It may be noted at the outset that Jeffery somewhat inflates the proposition in order to make out his case. Muslims never do claim that Muhammad (P) was a Prophet since his infancy, as Jeffery puts it, nor do they say that the Prophet followed since his boyhood the religion of Abraham. They only say that the Prophet was free from the stain of polytheism (shirk) even in his pre-prophetic life. This is not the same thing as saying that he was a Prophet “from” his infancy. Again, Jeffery’s statement that it is “sufficiently obvious to any instructed intelligence that every prophet followed the religion of his people” is arguable. Nor is it at all “foolish” to think of a person, even though born and brought up amidst a certain religious environment, not practicing the religious rites of that religious system. Such could be more easily the case where, as in the Makkan tribal society, the performance of religious rites was more in the nature of a communal exercise than of personal practice. Indeed in such a society non-participation in the communal religious functions by any individual would be rather a passive and unobtrusive attitude on his part than any noticeable disruption in the socio-religious system. Instances are not wanting of “non-practicing Christians”, for instance, in a Christian society. And if enquiries are made about what exactly such “non-practicing” individuals believe in, many of them would be found to be in an intellectual vacuum or are atheists or marxists, though they generally pass off as normal members of their respective religious communities.
The matter goes beyond this, however. It is obvious to any instructed intelligence that in the case of many a great man the signs of his subsequent greatness were discernable even in his early life. And in so far as a great religious figure is concerned it is not at all unlikely that God sets his mind in the right direction from his boyhood. Enquiries made with persons newly embracing a monothestic religion but previously belonging to another religious community reveal that in many cases they had developed an abhorrence of the polytheistic practices of their communities and avoided those practices since an early stage of their lives. The present writer interviewed a young Bengali Hindu convert to Islam studying at the Madina Islamic University. He stated that he began to dislike and avoid the worship of idols when he was 8 or 9 years of age, embraced Islam when he was about 12 years, left home, travelled to Pakistan with the help of a benefactor and after finishing his secondary education there joined the Madina Islamic University and graduated this year (1991).[13] Another young convert to Islam, formerly belonging to a Christian family at Leicester, England, who also studied for some time at the Madina Islamic University, related to the writer a similar story of his early abstinence from the Christian forms of worship. The idea of a boy belonging to a polytheistic society yet not practicing polytheism is thus not at all “foolish” as Jeffery so confidently asserts.
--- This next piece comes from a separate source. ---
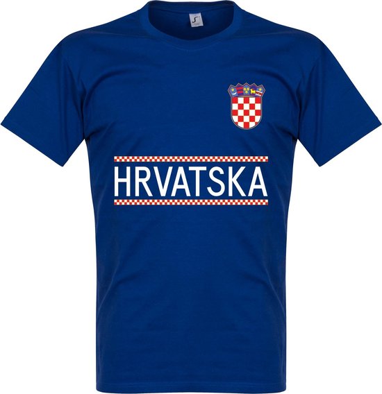 Magnifique t-shirt Croatie bleu de Retake. Ce t-shirt est complètement dans le style de la couleur du maillot de football de la Croatie et est principalement bleu avec un col rond. Au milieu du t-shirt se trouve le nom du pays: HRVATSKA. La poitrine gauche est équipée d'une impression d'un logo vintage de la fédération de football du pays. T-shirt idéal pour encourager l'équipe nationale de Croatie dans les grands tournois comme une Coupe du Monde ou un Championnat d'Europe. Parfait pour une tenue décontractée ! 100% coton.
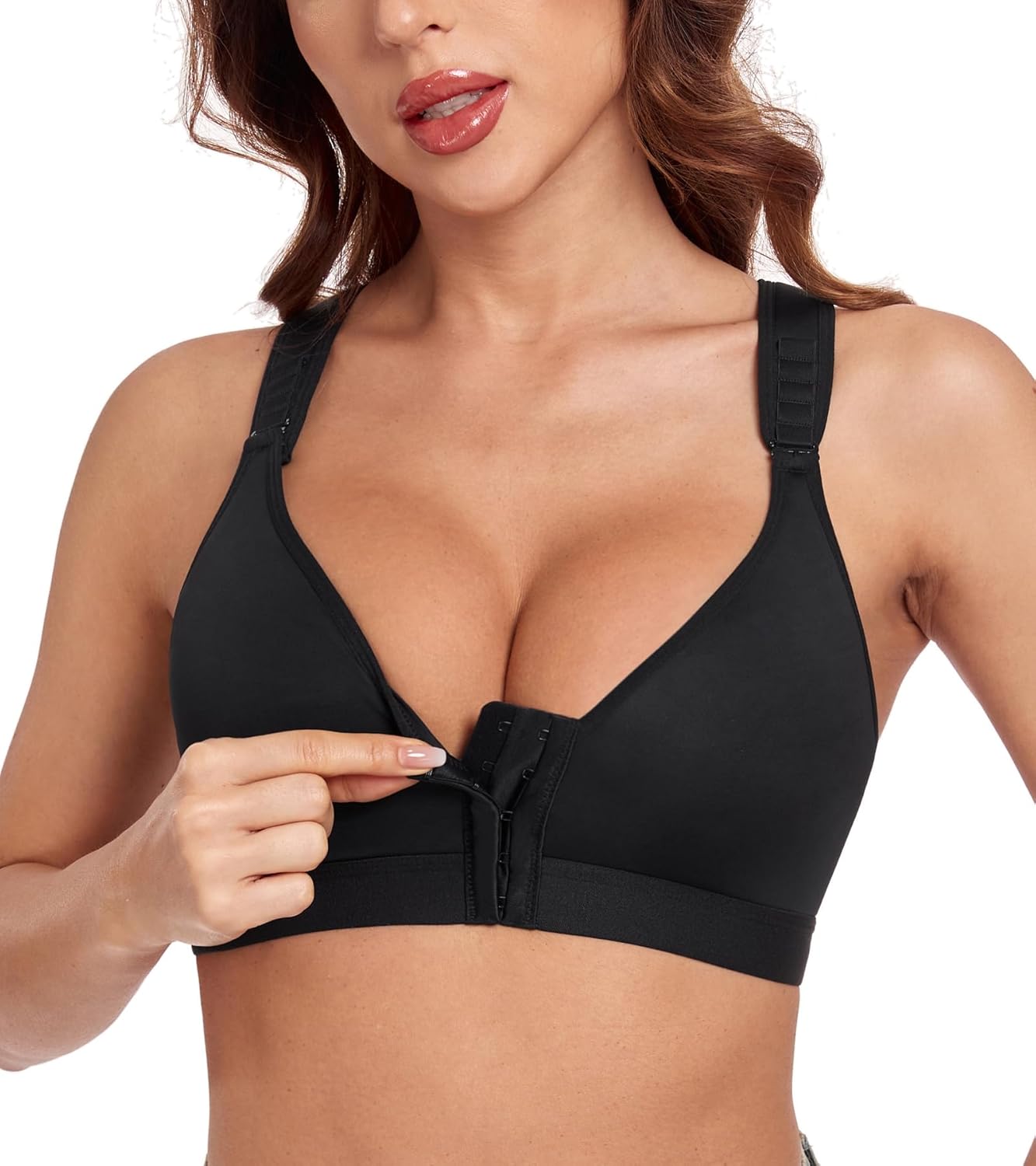 Lemorosy Women's Post Surgery Bra Front Closure Adjustable Straps Wireless Comfort Sport Brassiere

His statement about the nature of Muslim criticism of tradition also is untenable. The Muslim criticism was not concerned “solely” with the examination of isn?d; and even if that were so, that is no justification for a total dispensing with the examination of the authority on which a particular tradition purports to be based, as the orientalists seem to do. The accusation originally made by Muir and since then echoed by many including Jeffery that there was a proneness on the part of the Muslim authorities of the old to suppress any report derogatory to their Prophet is absolutely unjustifiable. There never was any attempt to suppress anything. On the contrary, the attempt was to collect and preserve anything and everything that was available and in circulation. In fact there could be no attempt as such to suppress anything; for the writing down or circulation of traditions was no centralized affair and there conceivably be no machinery to prevent an individual from writing down and transmitting a report or information he cared to collect. Suppression of anything under the circumstances was out of the question. It was because of this absence of any plan or feasibility to supervise and control the issuance of tradition, and because it was found that many spurious traditions were led of necessity to formulate criteria to distinguish the genuine from the spurious traditions. The sheer historical fact is that there was no means of controlling the issuances of traditions while there was an abundance and unbridled growth of spurious traditions. The emphasis on isn?d is an outcome of this historical fact; and it is this fact which makes it absolutely necessary to strictly examine especially those very traditions that seem to run counter to the generally accepted facts about the Prophet’s life or supply contradictory and inconsistent information on any particular point.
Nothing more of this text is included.